| DIRECTIONS |
The listing below holds a line with "realme GT Master" and a line with "Tilaustyöt saatavana lähes". Reproduce those two lines exactly, plus everything between them.

---------- TASK MATERIAL

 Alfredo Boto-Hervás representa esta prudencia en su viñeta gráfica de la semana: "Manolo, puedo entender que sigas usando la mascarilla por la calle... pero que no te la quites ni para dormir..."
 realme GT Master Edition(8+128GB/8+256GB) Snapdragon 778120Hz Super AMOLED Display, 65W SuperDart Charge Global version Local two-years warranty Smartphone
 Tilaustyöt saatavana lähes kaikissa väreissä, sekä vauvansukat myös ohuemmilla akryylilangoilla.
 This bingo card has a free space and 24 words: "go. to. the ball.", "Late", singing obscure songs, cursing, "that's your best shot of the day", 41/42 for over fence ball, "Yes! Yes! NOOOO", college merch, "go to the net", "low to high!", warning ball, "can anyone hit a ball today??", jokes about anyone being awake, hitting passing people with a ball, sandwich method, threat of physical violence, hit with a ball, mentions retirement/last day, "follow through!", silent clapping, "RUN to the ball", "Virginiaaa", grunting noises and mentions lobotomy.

--------------------
---------- TASK MATERIAL

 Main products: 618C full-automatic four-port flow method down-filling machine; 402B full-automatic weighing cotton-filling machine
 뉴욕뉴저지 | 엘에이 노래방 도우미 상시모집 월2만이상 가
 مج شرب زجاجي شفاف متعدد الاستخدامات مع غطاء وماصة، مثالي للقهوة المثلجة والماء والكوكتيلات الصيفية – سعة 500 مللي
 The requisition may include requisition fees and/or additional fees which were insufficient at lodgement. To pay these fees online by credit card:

--------------------

| TASK OUTPUT |
 realme GT Master Edition(8+128GB/8+256GB) Snapdragon 778120Hz Super AMOLED Display, 65W SuperDart Charge Global version Local two-years warranty Smartphone
 Tilaustyöt saatavana lähes kaikissa väreissä, sekä vauvansukat myös ohuemmilla akryylilangoilla.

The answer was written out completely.